[Opening Provided information section]

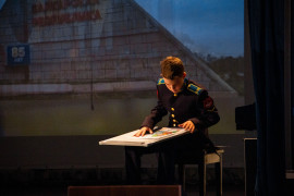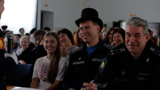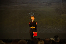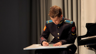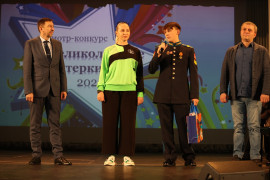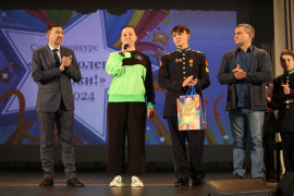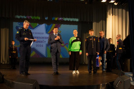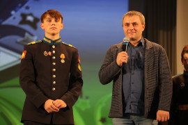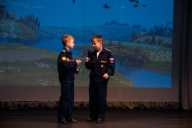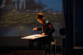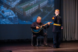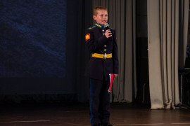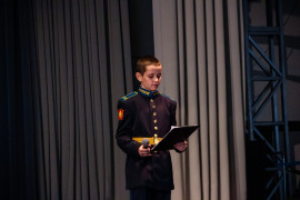 Члены жюри, представители выпускного курса: педагог-организатор учебного курса 11-х классов Романова Оксана Сергеевна и победитель Всероссийских и Международных творческих конкурсов, финалист II Международного детского культурного форума в Москве кадет Галушко Богдан по традиции приготовили для самого талантливого пятиклассника подарки. В этом году специальный подарок получил кадет 5В класса Першин Александр.
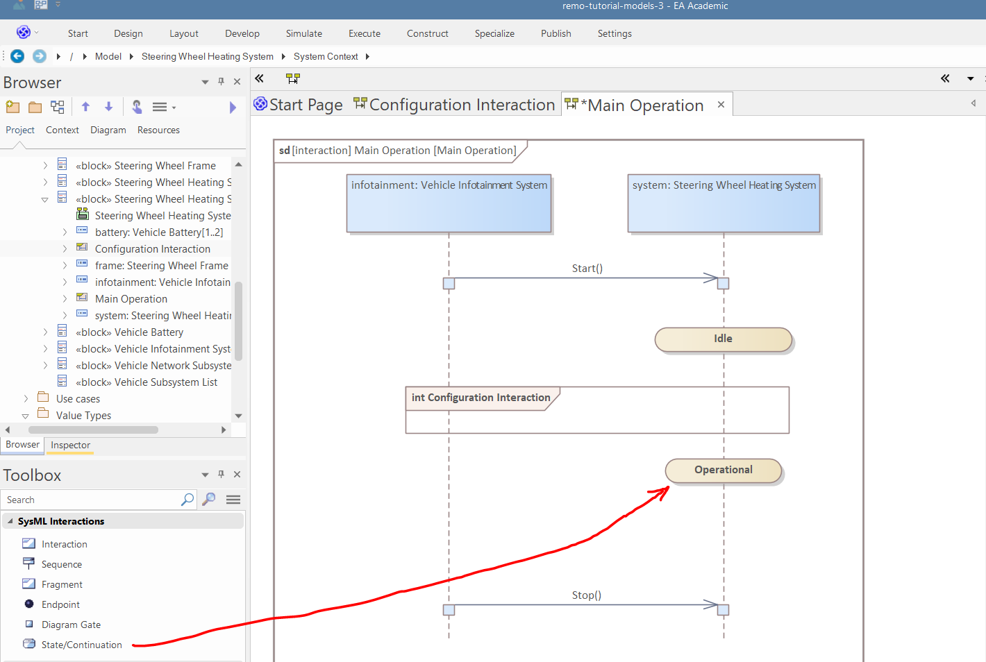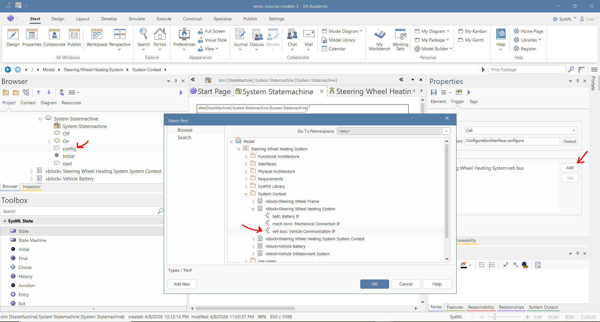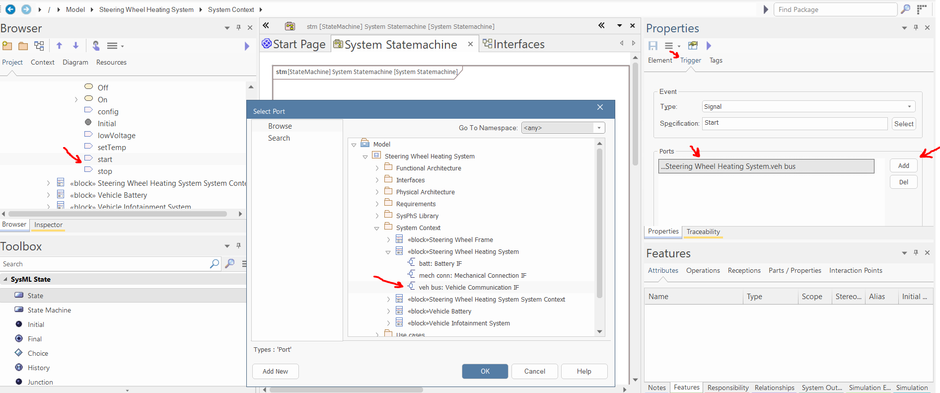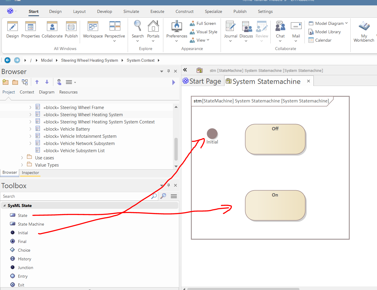 Select the "Steering Wheel Heating System" block, and set "System Statemachine" as its Classifier Behavior in the Properties window.
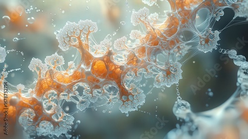 Abstract close-up of vibrat cellular structures, shocasing intricate details ad dynamic forms, ideal forscience, biology, and healhcare themes.
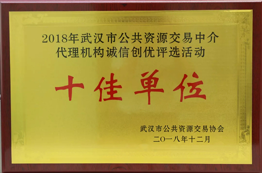 ——熱烈祝賀東方華太公司榮獲武漢市2018年度公共資源交易中介代理機構誠信創優十佳單位稱號
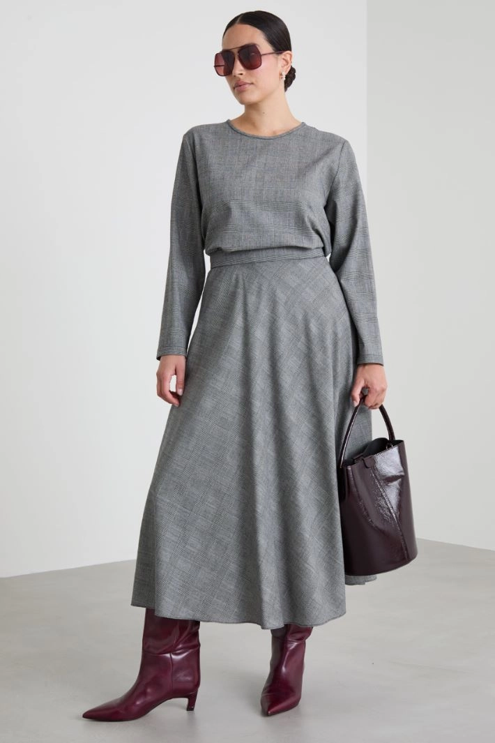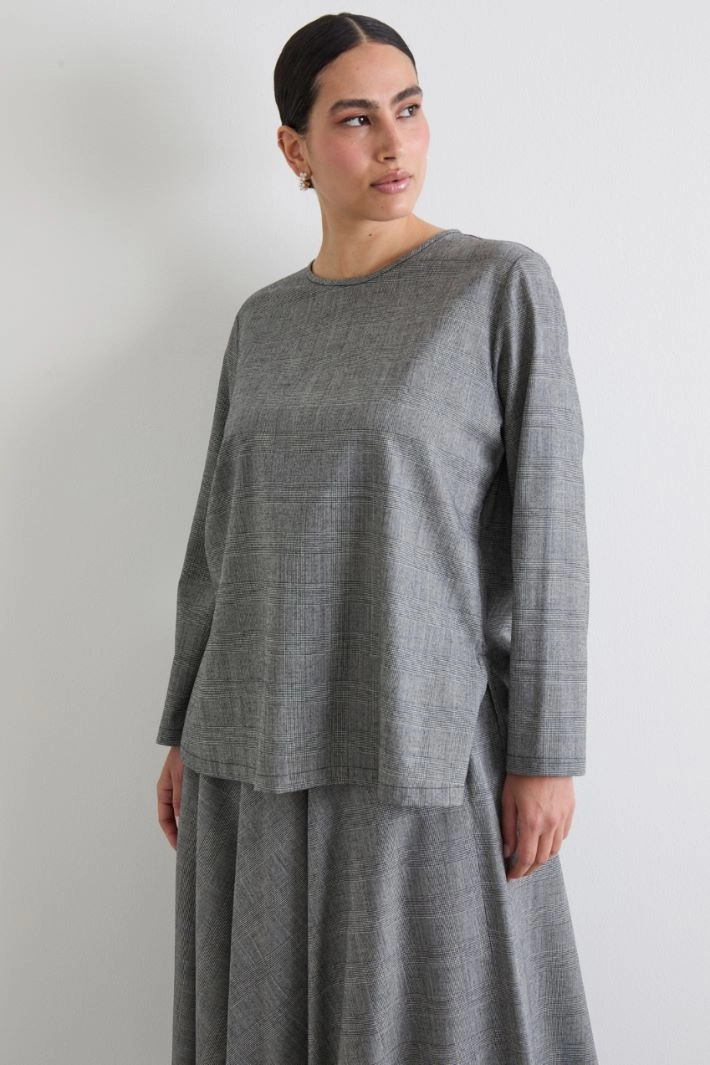 Straight-cut blouse in yarn-dyed stretch wool batavia, with round neckline, long sleeves and side slits. Button fastening on the back.
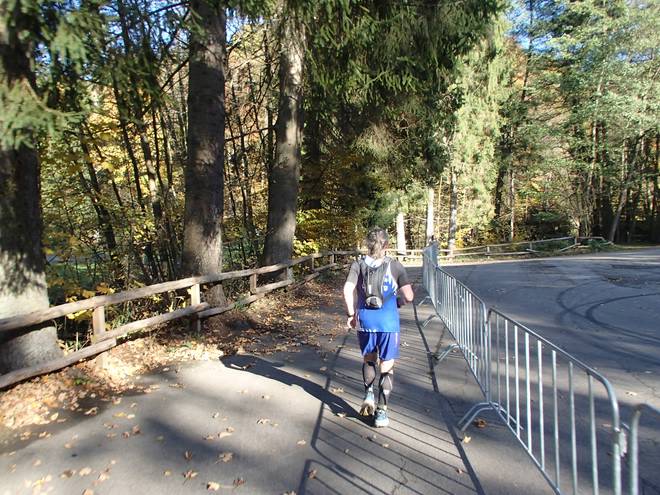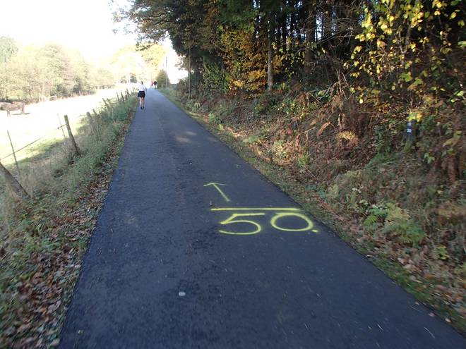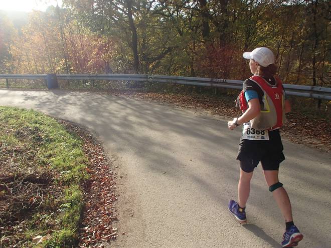 Bornbach 14.14 Uhr / Km 48,5 Erstmals seit dem Marathon-Ziel lief ich wieder mehr als einen Kilometer am Stück. Ein ziemlich schwerfälliges Laufen, aber ich lief. |
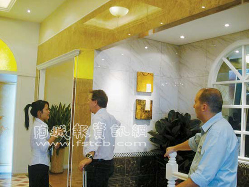 據(jù)記者所知,金尊腰線做得相當(dāng)成功,業(yè)內(nèi)許多一流大企業(yè)都找它配套腰線、花片,做得這么好為何還要轉(zhuǎn)行?李總告訴記者:其一,造腰線是典型的勞動(dòng)密集型,主要靠手工操作,用人多,而勞動(dòng)力成本近年正持續(xù)上漲,改做拋晶磚可以采用更多的機(jī)器設(shè)備,可以更好地提高產(chǎn)品的技術(shù)含量;其二,做腰線做得再大也始終是為別人配套,沒(méi)有自己的品牌,轉(zhuǎn)做拋晶磚才便于創(chuàng)立、打造、提升自有的品牌;其三,是看好拋晶磚的發(fā)展前景,有機(jī)會(huì)就此干出一番事業(yè)。與李敏輝合作多年的另一位總經(jīng)理陳英恒亦“英雄所見(jiàn)略同”,于是晶尊拋金玉石這個(gè)新品牌于2009年應(yīng)運(yùn)而生了。
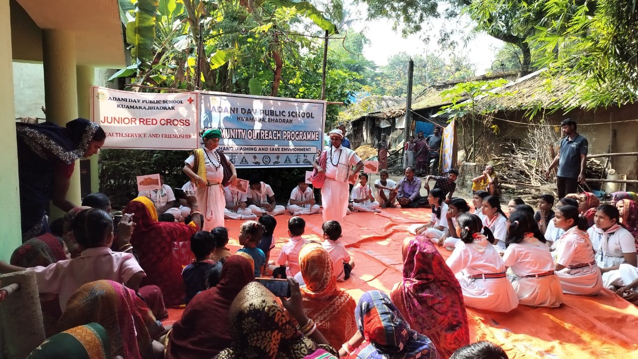 Dhamra,swa news : A public outreach programme was organized by the Junior Red Cross of Adani DAV Public School at Patnaik Sahi Anganwadi Center, Kuamara, Bhadrak. The programme was conducted by Junior Red Cross Councellor, Mr. Arun Kumar Lenka under the direct supervision of the Esteemed Principal of the School, Mrs. Krishnapriya Sarangi. Anganwadi students and villagers were practically made aware of Cleanliness Drive and Environmental Protection Drive. They practiced seven valuable steps of hand-washing and different methods of plantation of saplings through Chakulia Panda Traditional Dance and Chadheya-Chadheyani Folk Dance which were beautifully presented by the students of Red Cross Wings of the school. The Principal, Mrs Krishnapriya Sarangi, In her motivational speech, encouraged all viewers to wash hands to stay fit and healthy and plant trees to live a happy and prosperous life.
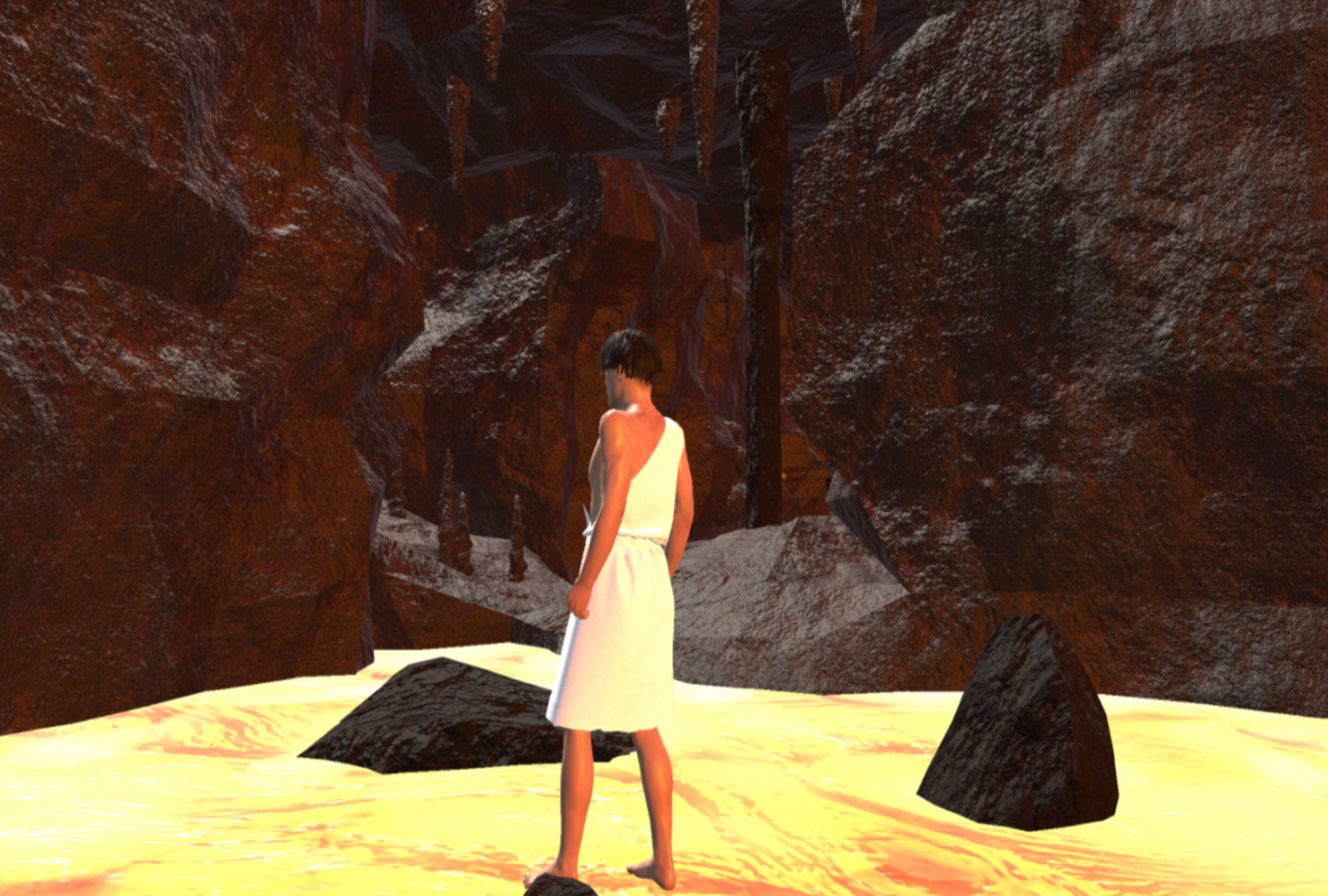 In the above images we find screenshots of the final 3D environment. Here we can see how the topographic map evolved into the 3D space and how the village goes into the sea and to the vulcano. Finally we get a snippet of the vulcano area where the little maze was.
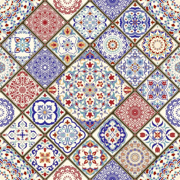 Behang van kleurrijk patchwork in Turkse stijl. Een mooi patroon dat voor meer sfeer in huis zorgt.
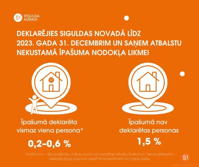 Vairāku gadu garumā pievēršot uzmanību novadā deklarēto novadnieku labbūtībai, Siguldas novada pašvaldība iedzīvotājiem, kuri ir deklarējušies novada teritorijā, sniedz virkni ar dažādām priekšrocībām, tostarp arī nekustamā īpašuma nodokļa atvieglojumus, kā arī samazinātu nekustamā īpašuma nodokļa likmi mājoklim. Lai saņemtu pilnu atbalsta programmu, iedzīvotāji, kuri vēl nav deklarējušies Siguldas novadā, to aicināti izdarīt līdz šā gada 31. decembra plkst. 23.59.
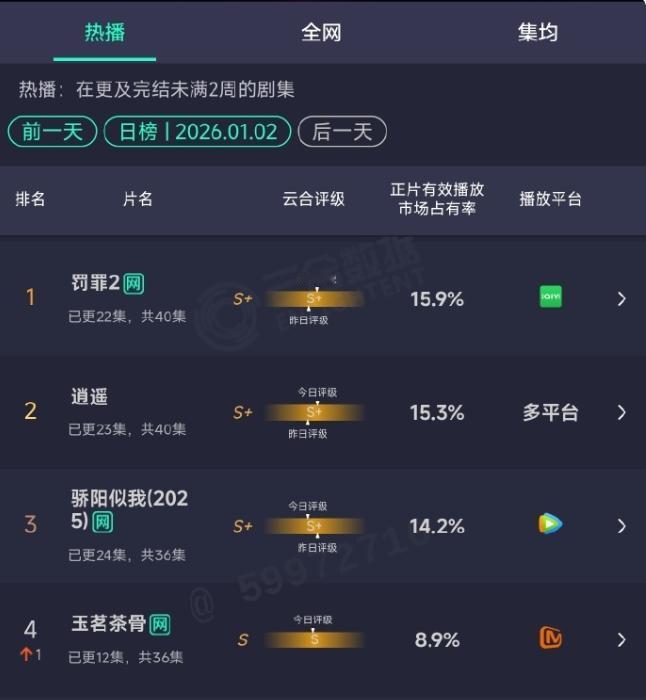黄景瑜《罚罪2》热度破9500 《罚罪2》云合占比15.9%,热度对应9500,《骄阳似我》云合14.2%,对应热度29000,所以爱奇艺的9500还是比腾讯的29000含金量要高,《逍遥》云合15.3%,双平台分流,优酷和爱奇艺热度都刚破8000.
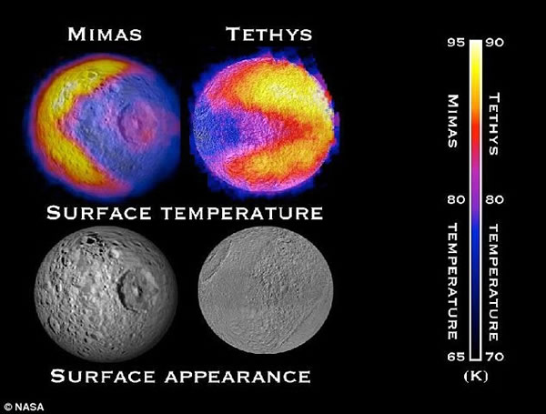 曾对土卫一地表温度数据进行分析的科学家表示,温差可能因土卫一环绕土星运行时高能电子“轰炸”这颗卫星导致。这种“轰击”将地表部分区域变成结构紧密的冰,这种变化导致所在地区白天时温度不会迅速升高,夜晚时则温度骤降。
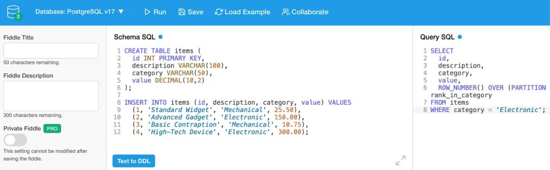 DB Fiddle:在线 SQL 数据库游乐场

[Closing Provided information section]

What is required =
The lines from the start of the records above through the line that holds "Bornbach 14.14 Uhr" are to be copied exactly, both ends included, and no pictures are to be copied.

Written answer =
 Члены жюри, представители выпускного курса: педагог-организатор учебного курса 11-х классов Романова Оксана Сергеевна и победитель Всероссийских и Международных творческих конкурсов, финалист II Международного детского культурного форума в Москве кадет Галушко Богдан по традиции приготовили для самого талантливого пятиклассника подарки. В этом году специальный подарок получил кадет 5В класса Першин Александр.
 Select the "Steering Wheel Heating System" block, and set "System Statemachine" as its Classifier Behavior in the Properties window.
 Abstract close-up of vibrat cellular structures, shocasing intricate details ad dynamic forms, ideal forscience, biology, and healhcare themes.
 ——熱烈祝賀東方華太公司榮獲武漢市2018年度公共資源交易中介代理機構誠信創優十佳單位稱號
 Straight-cut blouse in yarn-dyed stretch wool batavia, with round neckline, long sleeves and side slits. Button fastening on the back.
 Bornbach 14.14 Uhr / Km 48,5 Erstmals seit dem Marathon-Ziel lief ich wieder mehr als einen Kilometer am Stück. Ein ziemlich schwerfälliges Laufen, aber ich lief. |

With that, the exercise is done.